In the records below, find the line containing "Indian woman do" and the line containing "Comprimere SENZA perdita". Give again exactly those lines and every line between them, omitting the pictures.

## Data section
◆ ◆ ◆ ◆
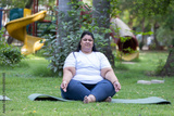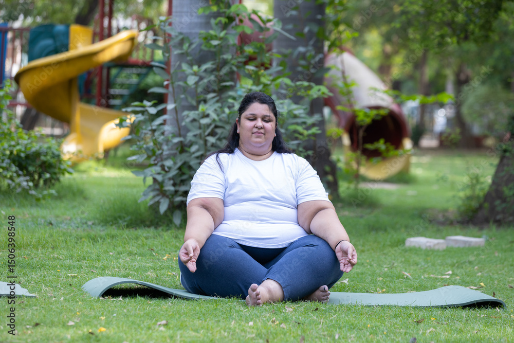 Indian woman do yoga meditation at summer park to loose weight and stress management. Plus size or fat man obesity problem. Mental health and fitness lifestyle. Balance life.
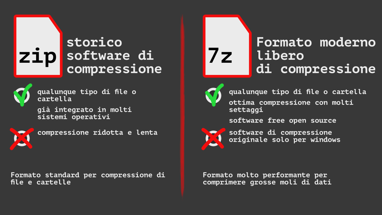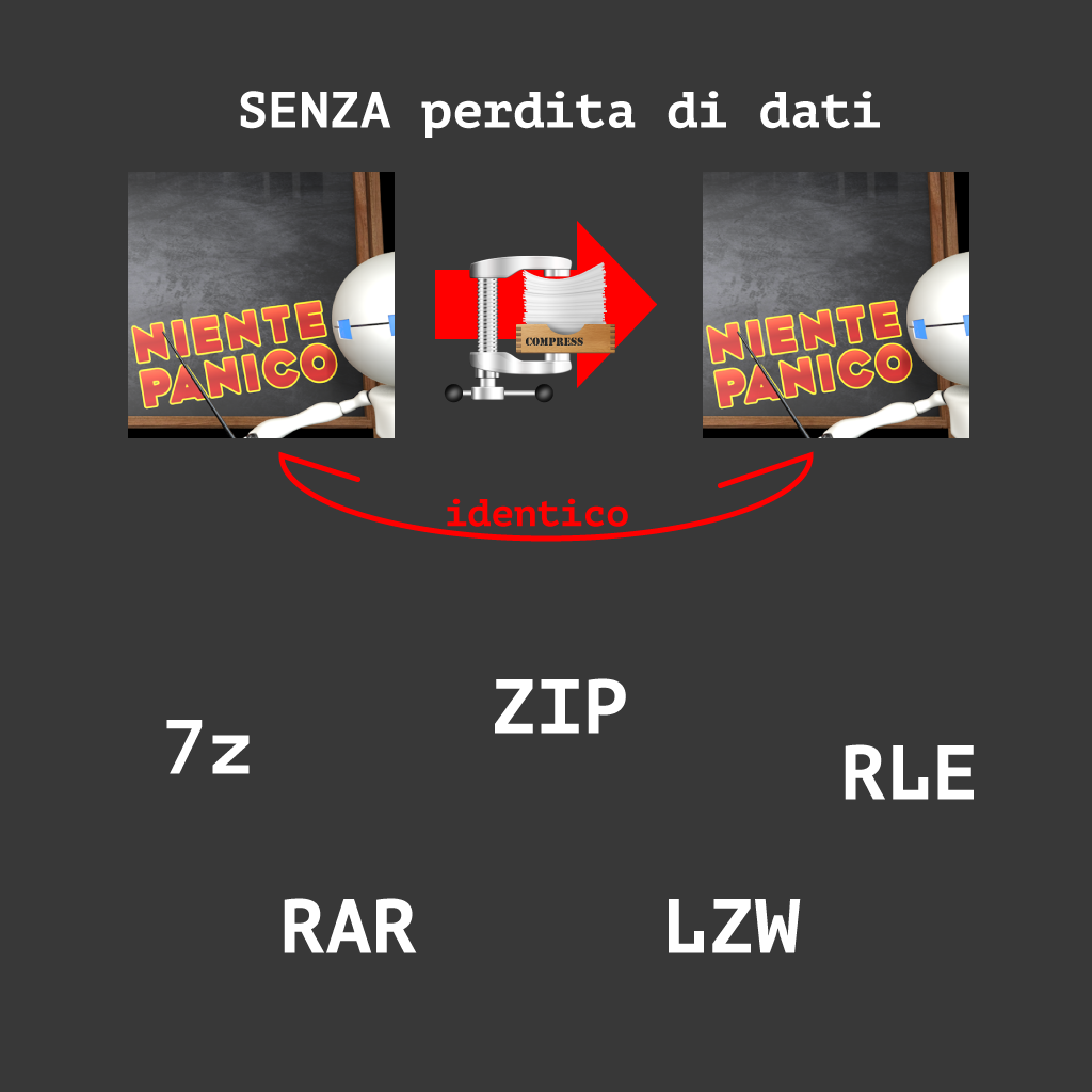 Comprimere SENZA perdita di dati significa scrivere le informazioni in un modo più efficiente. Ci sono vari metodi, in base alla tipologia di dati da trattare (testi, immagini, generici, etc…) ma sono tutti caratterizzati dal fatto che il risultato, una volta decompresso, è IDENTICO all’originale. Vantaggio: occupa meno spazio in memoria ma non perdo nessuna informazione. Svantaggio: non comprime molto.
◆ ◆ ◆ ◆
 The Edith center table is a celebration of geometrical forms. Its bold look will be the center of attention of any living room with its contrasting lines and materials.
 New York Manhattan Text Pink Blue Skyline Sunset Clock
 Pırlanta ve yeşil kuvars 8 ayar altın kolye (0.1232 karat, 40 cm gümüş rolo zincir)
◆ ◆ ◆ ◆
## Written solution
 Indian woman do yoga meditation at summer park to loose weight and stress management. Plus size or fat man obesity problem. Mental health and fitness lifestyle. Balance life.
 Comprimere SENZA perdita di dati significa scrivere le informazioni in un modo più efficiente. Ci sono vari metodi, in base alla tipologia di dati da trattare (testi, immagini, generici, etc…) ma sono tutti caratterizzati dal fatto che il risultato, una volta decompresso, è IDENTICO all’originale. Vantaggio: occupa meno spazio in memoria ma non perdo nessuna informazione. Svantaggio: non comprime molto.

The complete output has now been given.